Find the Freshest Food at Local Farmers Markets

Anne Vassal tells readers how to find the freshest food at local farmers' markets, includes recipes for White Bean and Tomato Salad, Pesto Spread, Grilled Vegetables, Vegetable Medley and Microwave Peach Crisp.

| April/May 2000

How to find the best food at local farmers' markets. 

Getting the choicest meals from local vegetable stands at local farmers' markets.

Not everyone is born with a green thumb. Some of us can't keep a cactus alive in the family room, much less plant a vegetable garden. And even if you aren't horticulturally impaired, you may be short on time and energy. This is where your local farmers' markets can be the answer to your culinary prayers. Besides, it doesn't make sense to buy produce shipped from overseas when you can buy it only hours old from local farmers. And that's just one of the many reasons you should drag yourself out of bed early on Saturday mornings in pursuit of the best fruits and veggies . . . .

Fresher foods: Most of the fruits and vegetables at farmers' markets have been picked within the previous 24 hours, whereas supermarket produce can be weeks old. Those blueberries on special this week at our Chicago supermarket were shipped here from New Jersey, while the farmers' market berries are driven in daily from Michigan, two hours away. Last year I compared both and found the Michigan berries to be the hands-down winner, with their fresh, white "bloom" and firm skins. The supermarket berries had a shriveled look and didn't taste as sweet. (This is why I try to avoid jet-lagged produce.) Freshness is especially critical for vegetables such as corn that need to be cooked or at least refrigerated shortly after picking, before their natural sugars convert to starch. Freshness means better flavor without the loss of valuable nutrients.

Such a deal: While some farmers' market items (such as blueberries) will cost more in small quantities than you'd pay at the supermarket, other items are quite a steal. I can buy five sweet red peppers for $1 and freeze them for those winter months when they cost $5 per pound. Buying pecks or half-bushels of peaches, apples and other items for canning or freezing will save you a good deal of money. Prices vary, so tour the market before you buy.

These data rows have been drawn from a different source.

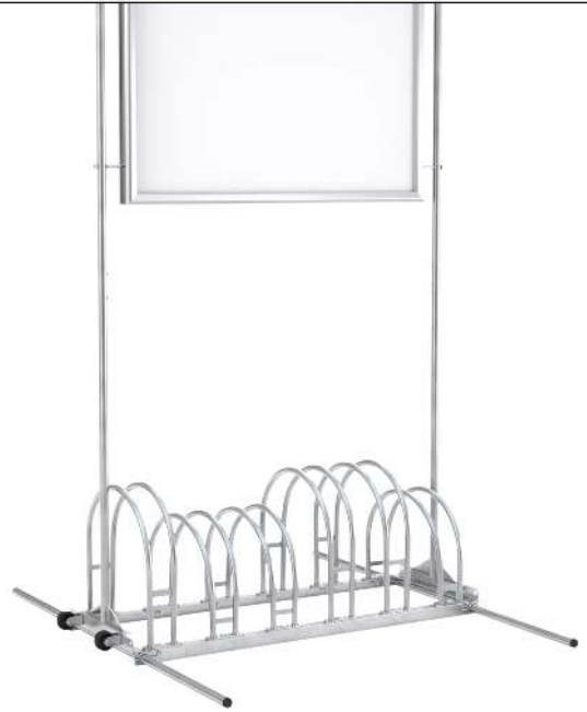
Werbe-Fahrradständer ROCKFORD, mit wasserdichtem Alu-Klapprahmen, 6 Stellplätze, galvanisch verzinkt
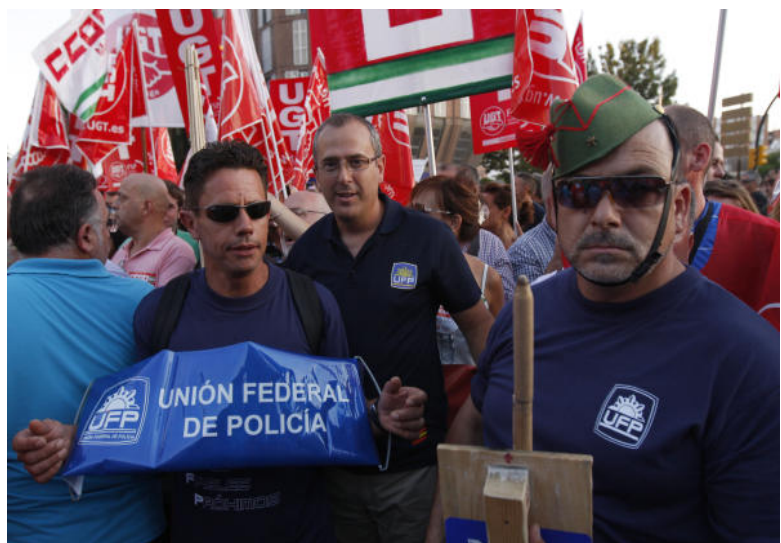
La Unión Federal de Policía también se adhirió a la manifestación en contra de los recortes.
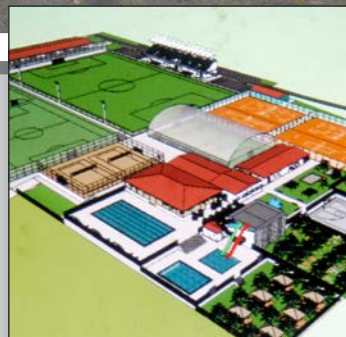
Banjole: Sportski centar od 27 milijuna kuna str. 12-13
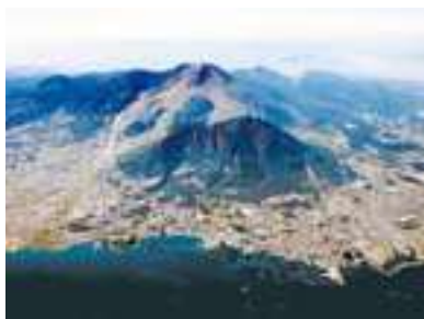
島原半島（長崎県）雲仙岳平成新山（茶色い岩山）と眉山（手前の緑色の山）を空撮。
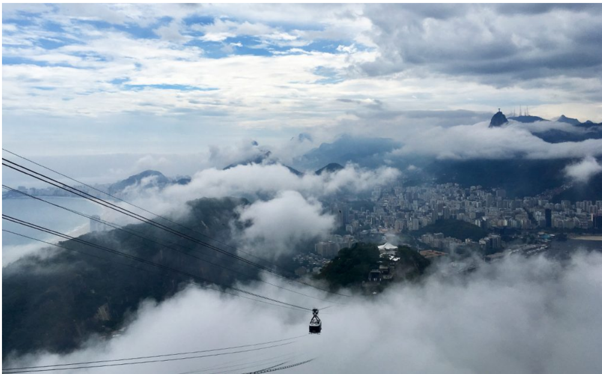
Rio de Janeiro

Variety: Where else could you find ten varieties of peppers, five types of corn and at least two kinds of peaches? My last trip to market turned up purple peppers, pattypan squash and an astounding variety of herbs. Another nearby market carries an array of heirloom tomatoes. Farmers' markets also may carry plants, fresh-cut flowers, baked goods and unusual Wisconsin cheeses like basil Brie (yum!).